Data records |

-------------------------

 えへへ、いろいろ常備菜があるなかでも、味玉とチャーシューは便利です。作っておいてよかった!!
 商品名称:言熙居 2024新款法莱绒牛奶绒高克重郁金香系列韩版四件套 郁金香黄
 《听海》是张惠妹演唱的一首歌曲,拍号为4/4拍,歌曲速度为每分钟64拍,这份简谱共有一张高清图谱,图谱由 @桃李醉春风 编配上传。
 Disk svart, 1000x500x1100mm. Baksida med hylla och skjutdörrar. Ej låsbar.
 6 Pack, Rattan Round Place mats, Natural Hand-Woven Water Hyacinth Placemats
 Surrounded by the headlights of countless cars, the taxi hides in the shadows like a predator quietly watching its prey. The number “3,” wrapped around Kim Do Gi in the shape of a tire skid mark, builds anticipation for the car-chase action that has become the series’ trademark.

-------------------------

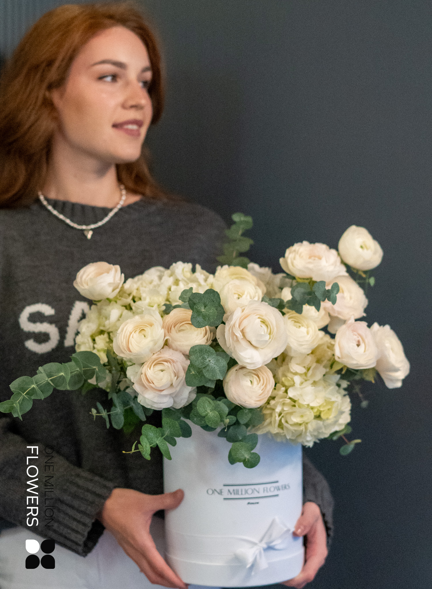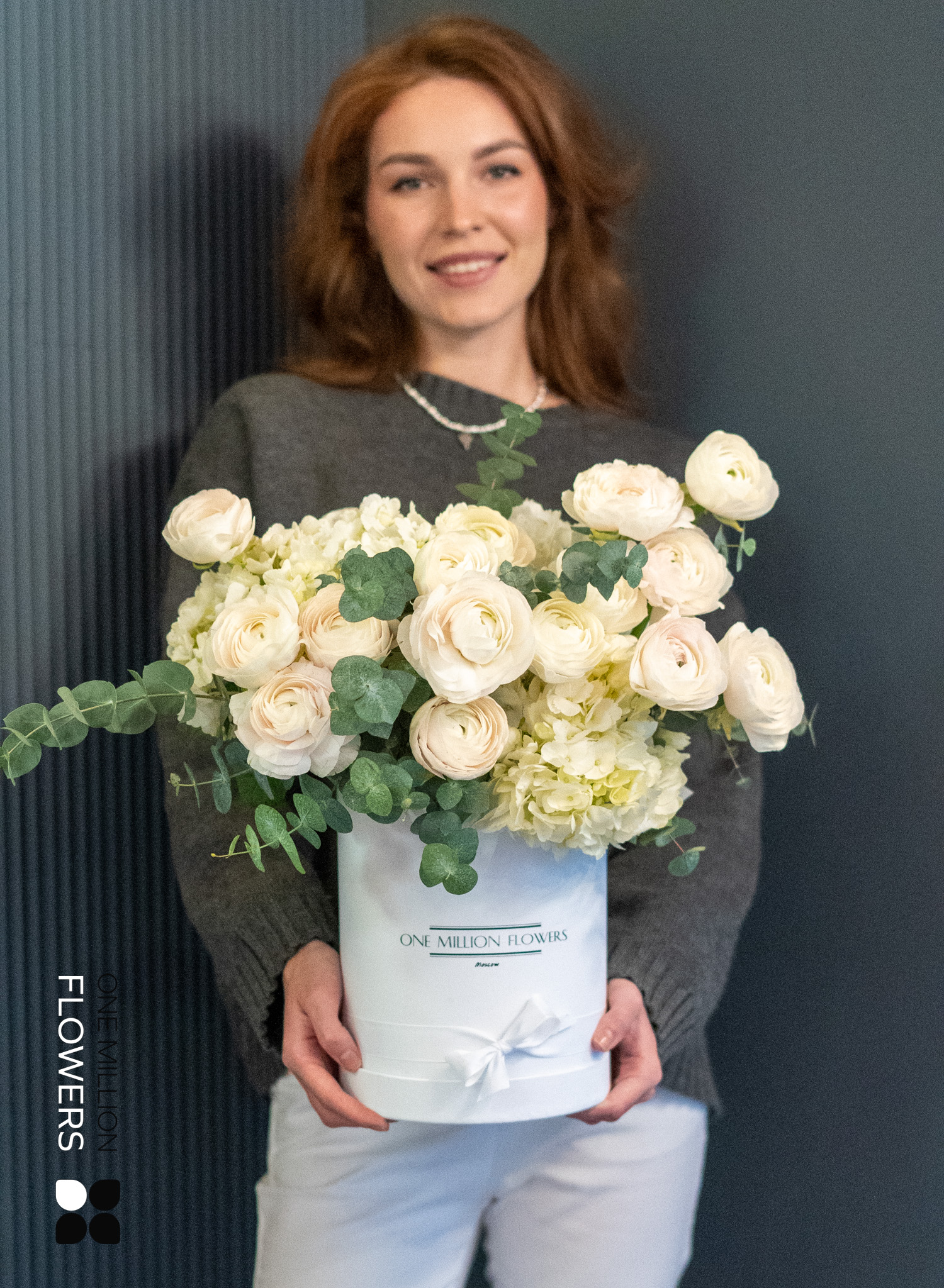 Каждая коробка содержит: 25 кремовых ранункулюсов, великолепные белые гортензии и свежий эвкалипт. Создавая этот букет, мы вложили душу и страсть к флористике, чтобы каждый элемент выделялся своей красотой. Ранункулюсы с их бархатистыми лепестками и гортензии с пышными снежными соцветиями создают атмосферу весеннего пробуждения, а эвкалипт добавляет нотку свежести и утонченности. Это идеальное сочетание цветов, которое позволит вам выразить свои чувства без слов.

-------------------------

About this exercise | Would you please copy, word for word, everything above from the line containing "6 Pack, Rattan" down to the line containing "Surrounded by the", those two lines included?

Written solution |
 6 Pack, Rattan Round Place mats, Natural Hand-Woven Water Hyacinth Placemats
 Surrounded by the headlights of countless cars, the taxi hides in the shadows like a predator quietly watching its prey. The number “3,” wrapped around Kim Do Gi in the shape of a tire skid mark, builds anticipation for the car-chase action that has become the series’ trademark.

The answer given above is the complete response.